Irrispettosi, senza dubbio, questi montanari senza decoro né decenza. Avrebbero mostrato il culo indispettito per rendere il soggiorno al sindaco un po’ più scomodo. Ma se venite giù nella mia città perfetta potrete essere mie graditi ospiti, diceva il Sindaco. E chissenefrega, rispondeva l’altro, braccia conserte, espressione sfottente, ché io nella tua città di plastica, un po’ finta, per gente altrettanto finta, non ho alcuna voglia di venire. Io voglio restare qui dove c’è ancora l’odore vero della terra, dove ascolto i miei pensieri perché di musica in filodiffusione che mi distrae mentre arricchisco i commercianti non ho alcun bisogno. Sono qui, con il mio passato, il mio presente e il mio futuro, e decido se restare o andare ma qui mi sento libero e altrove invece no.
Quella del Sindaco fu l’ultima mossa, l’ultimo tentativo, dopodiché il Ministero della Felicità fece un decreto a protezione della salute psicofisica dei bimbi della montagna. Dissero che i montanari non li mandavano a scuola e che li facevano vivere veramente molto male. Dunque era indispensabile un intervento a cura dello Stato che già che c’era decideva di sottrarre altra terra a quella gente per tutelare i militari che andavano lì a fare gli interventi umanitari.
Presero i bimbi in ostaggio, li portarono al di là della rete. Gli adulti che rimasero a resistere furono chiusi in un campo – sorvegliatissimo – di adeguamento al clima costruito su quella montagna. Fu tolta la sovranità territoriale agli amministratori dei paesi. Poteri commissariali furono dati al Ministero il quale Ministero li assegnò al sindaco stra-buono. Un bel servizio televisivo mostrò il Sindaco sereno e sorridente, maniche arrotolate, oramai gran sex symbol nazionale osannato perfino sulle riviste femminili, che poggiava la sua miracolosa mano sui volti dei bambini salvati dai perfidi montanari. Infine un bel confronto fotografico tra l’espressione quieta dell’amministratore e il volto ingrugnito di uno dei tanti montanari per stabilire con certezza la differenza tra buoni e cattivi.

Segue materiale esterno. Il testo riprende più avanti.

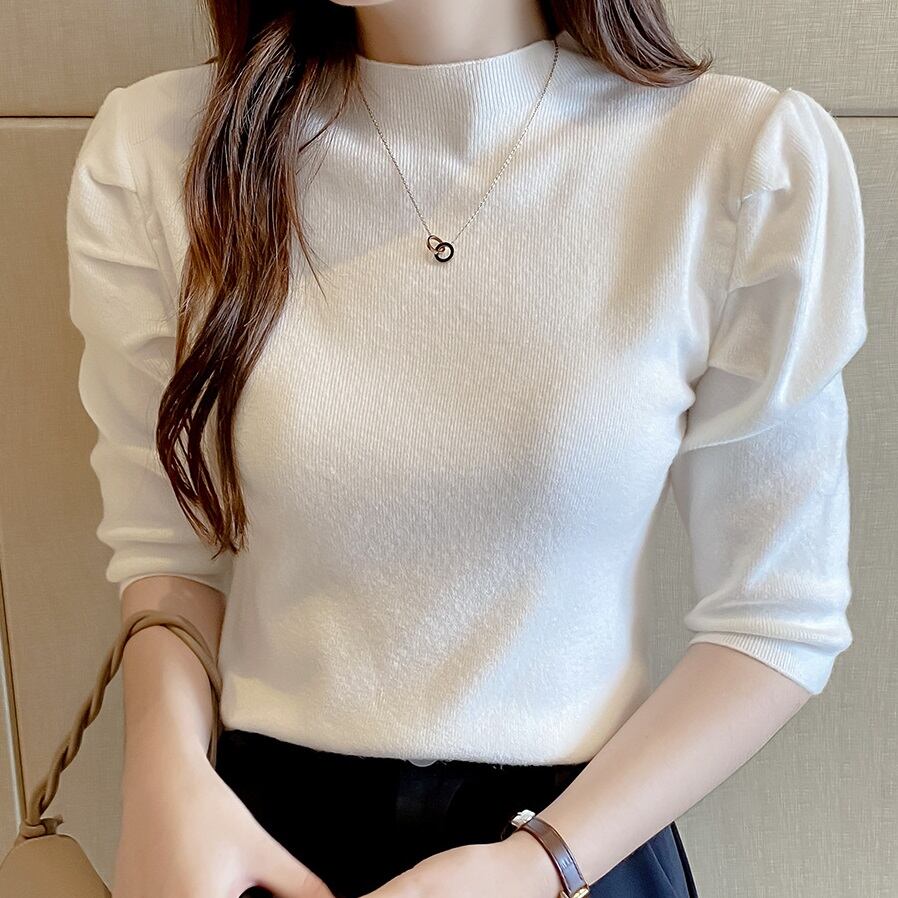 トップス レディース ニット 春夏 秋冬 春 夏 秋 冬 白 黒 ニット トップス 無地ニット 五分袖 半袖トップス パフスリーブ チュニック 無地 ファッション ニットトップス きれいめ シンプルシャツ ホワイト ピンク ライトパープル ベージュ オレンジ ブルー ブラック オフィスカジュアル 韓国 フェミニン シンプル オフィス カジュアル OL 上品 大人 40代 50代 C-TSS0062
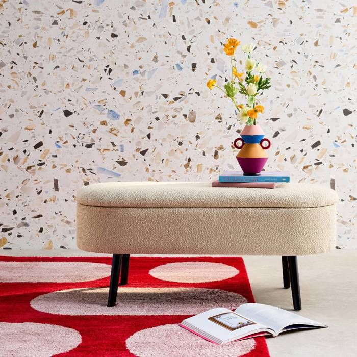 Petit coffre de rangement Banc Entrée Chambre Design Banc, Bout De Lit, Bouclette Texturée, Beige Meuble Entrée Pratique Description du produit Les + produit Tout doux Pieds en bois noir mat Structure en bois de pin et contreplaqué Petit coffre de rangement Découvrez notre banc Sherpa, un design unique et moderne qui sublimera votre intérieur. Les produitTout douxPieds en bois noir matStructure en bois de pin et contreplaquéPetit coffre de rangement Découvrez notre banc Sherpa, un design unique et moderne qui sublimera votre intérieur. Son revêtement tout en douceur s'associe à des pieds en bois noir. L'ensemble lui donne un look épuré En savoir Vendu par Sweeek Couleur Beige Taille 112 cm Livraison dès 6/7 jours... Un banc qui allie l'utile à l'agréable ! Ne surchargez pas le coffre de rangement pour maintenir la stabilité de l'ottoman. sweeek | Banc bout de lit avec revêtement bouclette texturée kaki pieds... Pratique, son petit coffre de rangement vous permet de ranger des petits coussins ou des couvertures. Son revêtement tout en douceur s'associe à des pieds en bois noir. Pieds en bois noir mat Banc coffre en tissu bouclette matcha Il peut aussi être utilisé comme assise supplémentaire dans un salon par exemple. Structure en bois de pin et contreplaqué
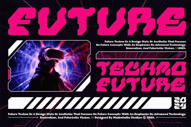 Ceimo Futuristic Font – Modern Techno Font. This Font is a type of lettering that features a futuristic design inspired by advanced technology. This font reflects the digital era and technological advancements, bringing a sense of modernity, innovation, and energy to any design. With sharp lines, geometric letter shapes, and futuristic elements, this font is suitable for projects related to technology, robotics, science, and modern lifestyle. This font are often found in logos, website designs, posters, and other creative projects that require a futuristic touch.
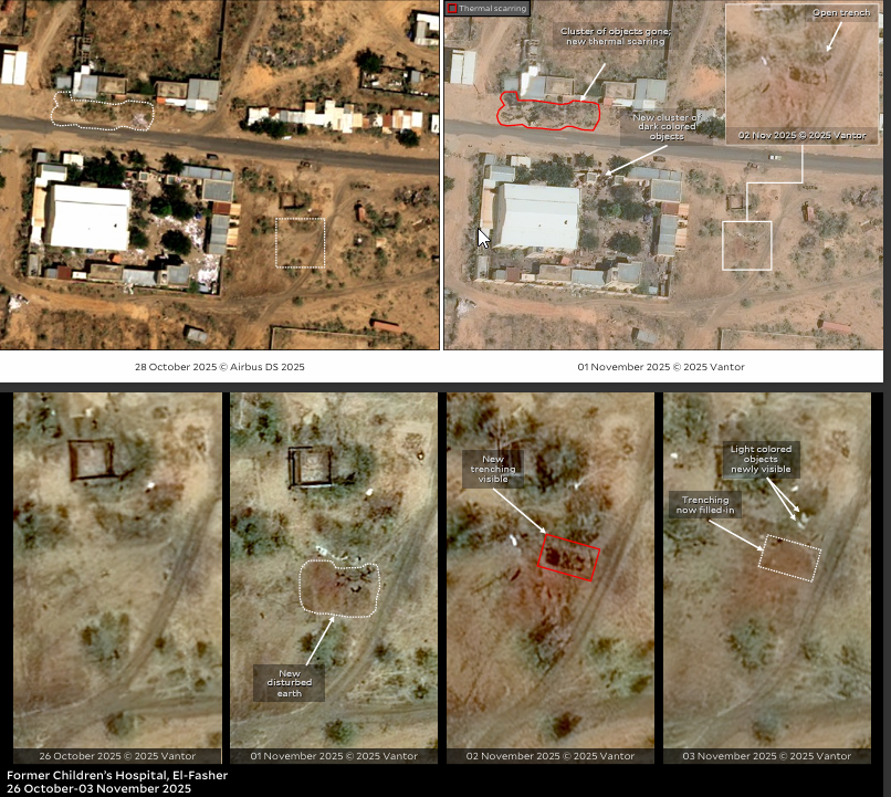 ولفت التقرير إلى ظهور ندوبٍ حرارية عبر الشارع من مستشفى الفاشر للأطفال السابق، في صور الأقمار الاصطناعية بتاريخ 1 نوفمبر 2025، حيث رُصدت مجموعة من الأجسام ذات الألوان الفاتحة في الموقع نفسه في صورٍ ملتقطة يوم 28 أكتوبر.

L’esercito circondò infine il campo di adeguamento dal quale si poteva uscire solo se giuravi fedeltà al Sindaco, al Ministero della Felicità e ai giornalisti embedded che ripetevano all’unisono: “solidarietà a magistratura e polizia per le gravissime offese subite…“.
Mi chiamo Sergio e sono uno dei bambini sfuggiti alla deportazione. Vivo da anni in mezzo ai boschi e ho scoperto che qui siamo in tanti e non ci troverà nessuno. Il nostro piano? Vogliamo liberare i grandi. E lo faremo. Si che lo faremo.
Ps: E’ una storia di pura invenzione. Ogni riferimento a cose, fatti, persone è puramente casuale.